Reps' game of musical chairs seen unlikely to miss a beat

Although the number of brokers who change jobs in 2010 won't approach the level seen during the financial crisis, expect this to be a good year for broker recruiting.
FEB 25, 2010
Although the number of brokers who change jobs in 2010 won't approach the level seen during the financial crisis, expect this to be a good year for broker recruiting, according to recruiters, who anticipate that the quality of advisers on the move — and the value of assets in transition — could rise. “There are long-tenured advisers who chose to wait it out [last year],” said Barbara Herman, a senior consultant with Diamond Consultants LLC, a recruitment firm. “They are members of large, senior, high-profile teams and have really committed to each other; this is the year they are seriously going to evaluate” a possible transition. “Top advisers now tell us they will never say never about a future move,” she added.
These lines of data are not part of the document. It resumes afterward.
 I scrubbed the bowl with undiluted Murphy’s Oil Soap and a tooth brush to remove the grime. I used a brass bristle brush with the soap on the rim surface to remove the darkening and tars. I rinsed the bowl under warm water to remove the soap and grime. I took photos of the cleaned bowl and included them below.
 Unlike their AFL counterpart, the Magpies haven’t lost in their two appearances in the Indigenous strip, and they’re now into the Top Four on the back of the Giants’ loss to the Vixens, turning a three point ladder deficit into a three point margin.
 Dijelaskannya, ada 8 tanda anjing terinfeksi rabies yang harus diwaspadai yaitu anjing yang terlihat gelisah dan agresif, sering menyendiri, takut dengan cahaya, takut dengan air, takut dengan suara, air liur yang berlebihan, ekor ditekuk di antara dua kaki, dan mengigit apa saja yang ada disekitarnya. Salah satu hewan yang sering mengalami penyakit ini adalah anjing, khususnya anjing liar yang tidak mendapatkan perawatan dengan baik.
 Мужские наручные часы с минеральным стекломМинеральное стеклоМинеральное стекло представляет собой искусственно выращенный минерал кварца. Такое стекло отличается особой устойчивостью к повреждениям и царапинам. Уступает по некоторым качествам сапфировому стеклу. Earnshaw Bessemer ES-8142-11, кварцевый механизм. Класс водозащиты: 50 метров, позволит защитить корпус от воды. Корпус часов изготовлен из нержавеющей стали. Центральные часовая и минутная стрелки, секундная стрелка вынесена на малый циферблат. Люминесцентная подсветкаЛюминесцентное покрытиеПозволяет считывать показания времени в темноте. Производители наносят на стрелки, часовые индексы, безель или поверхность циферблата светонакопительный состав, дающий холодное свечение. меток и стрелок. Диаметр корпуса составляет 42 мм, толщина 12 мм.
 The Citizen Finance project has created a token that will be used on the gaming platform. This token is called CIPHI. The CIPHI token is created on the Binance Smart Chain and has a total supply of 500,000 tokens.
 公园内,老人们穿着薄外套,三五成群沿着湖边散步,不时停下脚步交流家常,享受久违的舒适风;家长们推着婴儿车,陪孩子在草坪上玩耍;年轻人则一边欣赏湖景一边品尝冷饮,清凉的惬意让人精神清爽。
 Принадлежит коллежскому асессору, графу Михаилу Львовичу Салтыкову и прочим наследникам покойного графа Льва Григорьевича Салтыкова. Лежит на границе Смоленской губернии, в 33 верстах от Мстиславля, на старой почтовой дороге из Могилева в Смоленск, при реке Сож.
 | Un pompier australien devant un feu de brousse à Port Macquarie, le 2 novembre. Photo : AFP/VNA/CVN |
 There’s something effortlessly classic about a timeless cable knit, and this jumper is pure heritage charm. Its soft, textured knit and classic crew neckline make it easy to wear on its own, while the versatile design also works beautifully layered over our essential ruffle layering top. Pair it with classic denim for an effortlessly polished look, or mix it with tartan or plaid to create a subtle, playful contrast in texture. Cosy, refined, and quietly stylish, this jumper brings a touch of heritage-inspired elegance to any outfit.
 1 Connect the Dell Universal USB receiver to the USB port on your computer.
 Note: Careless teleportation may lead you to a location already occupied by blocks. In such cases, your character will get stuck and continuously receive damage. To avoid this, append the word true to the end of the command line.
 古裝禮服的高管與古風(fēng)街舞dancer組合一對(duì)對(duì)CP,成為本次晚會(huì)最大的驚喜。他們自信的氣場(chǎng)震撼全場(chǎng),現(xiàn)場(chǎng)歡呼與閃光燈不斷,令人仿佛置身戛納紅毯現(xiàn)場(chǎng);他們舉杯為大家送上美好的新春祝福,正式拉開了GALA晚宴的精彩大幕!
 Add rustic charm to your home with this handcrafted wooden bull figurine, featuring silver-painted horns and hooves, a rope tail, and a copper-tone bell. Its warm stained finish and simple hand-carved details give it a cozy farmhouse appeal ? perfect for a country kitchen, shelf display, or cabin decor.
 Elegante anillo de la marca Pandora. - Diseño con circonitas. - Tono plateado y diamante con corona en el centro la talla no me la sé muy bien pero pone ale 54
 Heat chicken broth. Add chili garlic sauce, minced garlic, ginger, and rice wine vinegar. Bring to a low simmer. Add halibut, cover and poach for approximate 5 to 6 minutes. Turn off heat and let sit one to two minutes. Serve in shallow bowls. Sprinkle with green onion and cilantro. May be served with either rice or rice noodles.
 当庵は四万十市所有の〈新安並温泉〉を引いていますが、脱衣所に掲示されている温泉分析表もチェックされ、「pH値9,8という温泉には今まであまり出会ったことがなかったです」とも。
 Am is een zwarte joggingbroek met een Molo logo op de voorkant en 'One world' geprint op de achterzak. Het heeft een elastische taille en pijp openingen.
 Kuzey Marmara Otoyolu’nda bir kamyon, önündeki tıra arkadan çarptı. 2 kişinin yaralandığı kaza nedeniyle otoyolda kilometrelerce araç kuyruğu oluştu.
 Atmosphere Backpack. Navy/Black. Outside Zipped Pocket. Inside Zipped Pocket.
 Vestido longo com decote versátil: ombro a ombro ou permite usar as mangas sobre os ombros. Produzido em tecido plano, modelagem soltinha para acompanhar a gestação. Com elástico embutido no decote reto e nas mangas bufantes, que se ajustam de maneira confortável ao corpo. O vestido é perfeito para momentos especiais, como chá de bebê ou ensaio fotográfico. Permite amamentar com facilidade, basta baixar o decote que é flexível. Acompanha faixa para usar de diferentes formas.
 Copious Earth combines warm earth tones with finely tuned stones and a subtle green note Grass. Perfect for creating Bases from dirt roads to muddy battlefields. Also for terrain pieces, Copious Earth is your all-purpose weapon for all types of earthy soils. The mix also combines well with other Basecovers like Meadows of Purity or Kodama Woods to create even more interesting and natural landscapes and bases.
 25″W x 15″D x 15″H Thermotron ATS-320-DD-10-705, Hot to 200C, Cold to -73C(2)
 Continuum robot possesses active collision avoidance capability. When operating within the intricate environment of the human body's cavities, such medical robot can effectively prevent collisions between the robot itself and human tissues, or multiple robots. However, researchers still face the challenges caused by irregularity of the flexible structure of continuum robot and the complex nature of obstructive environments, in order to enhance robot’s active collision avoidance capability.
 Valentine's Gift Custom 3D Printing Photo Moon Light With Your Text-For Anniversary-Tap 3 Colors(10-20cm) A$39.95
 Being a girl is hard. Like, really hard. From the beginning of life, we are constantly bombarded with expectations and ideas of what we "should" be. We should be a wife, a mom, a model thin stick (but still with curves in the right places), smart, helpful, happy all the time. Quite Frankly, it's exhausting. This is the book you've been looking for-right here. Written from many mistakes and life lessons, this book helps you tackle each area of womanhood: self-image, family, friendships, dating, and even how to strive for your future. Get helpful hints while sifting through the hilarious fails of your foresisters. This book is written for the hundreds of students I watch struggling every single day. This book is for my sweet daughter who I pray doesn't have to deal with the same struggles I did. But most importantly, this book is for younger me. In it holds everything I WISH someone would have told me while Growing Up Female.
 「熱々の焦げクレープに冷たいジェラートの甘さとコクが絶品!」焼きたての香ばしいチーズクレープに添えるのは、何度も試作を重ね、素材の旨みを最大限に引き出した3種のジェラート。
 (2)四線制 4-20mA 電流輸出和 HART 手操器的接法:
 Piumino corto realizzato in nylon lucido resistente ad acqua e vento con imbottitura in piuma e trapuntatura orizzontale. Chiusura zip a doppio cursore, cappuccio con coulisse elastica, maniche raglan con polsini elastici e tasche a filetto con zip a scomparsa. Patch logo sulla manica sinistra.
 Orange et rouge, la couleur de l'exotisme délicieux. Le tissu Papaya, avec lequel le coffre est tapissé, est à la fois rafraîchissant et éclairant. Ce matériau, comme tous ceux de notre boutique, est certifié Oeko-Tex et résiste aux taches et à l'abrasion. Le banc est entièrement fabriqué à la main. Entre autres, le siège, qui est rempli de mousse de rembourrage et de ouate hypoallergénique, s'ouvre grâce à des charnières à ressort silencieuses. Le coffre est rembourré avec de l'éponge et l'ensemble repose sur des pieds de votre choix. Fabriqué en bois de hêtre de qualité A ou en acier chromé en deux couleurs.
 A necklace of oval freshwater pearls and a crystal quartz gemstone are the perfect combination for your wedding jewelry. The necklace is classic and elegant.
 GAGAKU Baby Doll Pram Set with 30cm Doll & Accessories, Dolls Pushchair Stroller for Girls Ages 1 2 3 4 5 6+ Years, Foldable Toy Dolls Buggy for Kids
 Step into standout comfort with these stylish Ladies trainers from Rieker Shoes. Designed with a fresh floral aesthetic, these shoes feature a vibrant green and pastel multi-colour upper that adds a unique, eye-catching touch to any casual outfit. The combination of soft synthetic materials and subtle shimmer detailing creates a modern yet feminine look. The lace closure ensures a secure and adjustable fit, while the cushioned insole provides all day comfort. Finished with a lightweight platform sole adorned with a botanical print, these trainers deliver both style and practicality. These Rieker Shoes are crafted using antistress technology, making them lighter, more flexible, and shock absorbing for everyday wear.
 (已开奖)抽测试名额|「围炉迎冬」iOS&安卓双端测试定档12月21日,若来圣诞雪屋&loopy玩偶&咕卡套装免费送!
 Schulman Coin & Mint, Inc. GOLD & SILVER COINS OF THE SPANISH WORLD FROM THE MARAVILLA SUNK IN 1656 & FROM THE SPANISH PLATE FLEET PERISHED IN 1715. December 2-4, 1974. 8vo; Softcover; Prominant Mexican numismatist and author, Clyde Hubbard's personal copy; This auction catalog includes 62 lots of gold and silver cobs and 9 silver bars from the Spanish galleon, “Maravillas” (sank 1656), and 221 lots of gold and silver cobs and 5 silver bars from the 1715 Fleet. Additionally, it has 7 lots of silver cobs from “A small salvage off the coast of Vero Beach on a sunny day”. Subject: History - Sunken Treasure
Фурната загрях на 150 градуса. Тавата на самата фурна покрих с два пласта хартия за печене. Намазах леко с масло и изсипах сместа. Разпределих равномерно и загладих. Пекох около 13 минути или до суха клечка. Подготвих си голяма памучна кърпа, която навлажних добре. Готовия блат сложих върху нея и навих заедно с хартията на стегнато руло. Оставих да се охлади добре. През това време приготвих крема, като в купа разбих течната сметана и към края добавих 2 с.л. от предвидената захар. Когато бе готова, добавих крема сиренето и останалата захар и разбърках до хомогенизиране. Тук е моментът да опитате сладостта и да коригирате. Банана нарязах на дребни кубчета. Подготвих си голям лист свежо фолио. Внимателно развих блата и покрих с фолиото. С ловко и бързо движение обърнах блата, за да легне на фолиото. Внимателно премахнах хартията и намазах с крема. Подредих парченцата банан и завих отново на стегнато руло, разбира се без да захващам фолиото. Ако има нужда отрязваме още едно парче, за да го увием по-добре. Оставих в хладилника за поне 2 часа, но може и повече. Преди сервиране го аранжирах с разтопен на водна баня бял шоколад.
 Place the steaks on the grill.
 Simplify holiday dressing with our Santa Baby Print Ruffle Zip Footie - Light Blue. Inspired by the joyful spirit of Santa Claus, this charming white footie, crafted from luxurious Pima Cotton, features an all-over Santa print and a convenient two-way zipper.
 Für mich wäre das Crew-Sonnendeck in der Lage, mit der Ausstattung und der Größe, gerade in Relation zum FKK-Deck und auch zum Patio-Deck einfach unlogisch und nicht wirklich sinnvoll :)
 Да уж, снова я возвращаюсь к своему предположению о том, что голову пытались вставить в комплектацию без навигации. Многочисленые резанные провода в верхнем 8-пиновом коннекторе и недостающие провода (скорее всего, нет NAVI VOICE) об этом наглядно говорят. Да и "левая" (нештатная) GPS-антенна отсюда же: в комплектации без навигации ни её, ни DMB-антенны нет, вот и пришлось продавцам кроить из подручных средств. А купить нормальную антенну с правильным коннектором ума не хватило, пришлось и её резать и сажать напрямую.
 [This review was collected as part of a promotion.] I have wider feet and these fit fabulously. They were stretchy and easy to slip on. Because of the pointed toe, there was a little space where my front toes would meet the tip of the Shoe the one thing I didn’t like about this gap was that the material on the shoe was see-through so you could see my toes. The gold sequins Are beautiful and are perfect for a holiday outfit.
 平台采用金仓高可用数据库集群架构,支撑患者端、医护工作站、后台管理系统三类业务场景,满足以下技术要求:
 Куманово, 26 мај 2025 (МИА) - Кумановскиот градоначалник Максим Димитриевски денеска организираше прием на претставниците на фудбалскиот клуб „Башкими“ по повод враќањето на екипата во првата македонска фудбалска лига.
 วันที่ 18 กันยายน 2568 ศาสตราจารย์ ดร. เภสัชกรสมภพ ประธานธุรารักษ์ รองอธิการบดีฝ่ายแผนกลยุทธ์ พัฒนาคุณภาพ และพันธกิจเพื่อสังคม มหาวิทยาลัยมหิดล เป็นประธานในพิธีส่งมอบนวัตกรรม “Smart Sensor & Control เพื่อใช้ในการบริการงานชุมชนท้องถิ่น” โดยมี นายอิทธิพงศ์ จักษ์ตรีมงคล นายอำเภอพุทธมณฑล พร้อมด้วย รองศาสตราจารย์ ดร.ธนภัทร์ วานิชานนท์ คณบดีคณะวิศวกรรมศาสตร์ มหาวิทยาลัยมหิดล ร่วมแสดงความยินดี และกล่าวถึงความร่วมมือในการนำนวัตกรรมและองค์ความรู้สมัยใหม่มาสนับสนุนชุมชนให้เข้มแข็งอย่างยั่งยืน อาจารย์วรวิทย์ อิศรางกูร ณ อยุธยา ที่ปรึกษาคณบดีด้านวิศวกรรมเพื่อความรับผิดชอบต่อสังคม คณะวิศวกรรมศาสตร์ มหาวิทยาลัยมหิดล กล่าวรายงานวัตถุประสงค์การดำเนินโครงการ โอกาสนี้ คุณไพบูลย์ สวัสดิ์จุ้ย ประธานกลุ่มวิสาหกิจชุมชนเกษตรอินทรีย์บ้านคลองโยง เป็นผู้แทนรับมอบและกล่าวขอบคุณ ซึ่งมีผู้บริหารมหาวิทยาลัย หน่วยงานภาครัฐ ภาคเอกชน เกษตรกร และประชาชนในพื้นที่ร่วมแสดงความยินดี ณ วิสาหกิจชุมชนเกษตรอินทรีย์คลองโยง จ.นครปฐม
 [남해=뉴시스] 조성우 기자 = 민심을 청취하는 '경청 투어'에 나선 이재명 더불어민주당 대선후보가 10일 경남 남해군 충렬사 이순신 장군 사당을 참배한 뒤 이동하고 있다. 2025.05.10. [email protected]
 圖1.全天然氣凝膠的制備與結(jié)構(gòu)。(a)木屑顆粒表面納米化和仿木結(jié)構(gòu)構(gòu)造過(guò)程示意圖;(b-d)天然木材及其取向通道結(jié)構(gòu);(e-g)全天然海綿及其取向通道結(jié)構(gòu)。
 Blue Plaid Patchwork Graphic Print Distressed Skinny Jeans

Broker movement peaked during the first quarter of last year, according to Discovery, which tracks broker and adviser movements. From August 2008 through November 2009, 11,875 wirehouse reps and 1,687 regional firm reps changed firms, according to Discovery. Last year, after suffering huge losses on company stock, many wirehouse brokers grabbed upfront deals under which they must pay back any unearned portion of their forgivable notes when they leave. Since some brokers don't want to give up the money if a new employer won't make them whole or if the broker isn't in a position to pay them back, these promissory notes are “definitely an impediment” to getting brokers to move, said John Mabee, national director of branch development at Robert W. Baird & Co. Inc. The fact that so many brokers already have moved or taken retention deals also could help reduce movement this year, recruiters said.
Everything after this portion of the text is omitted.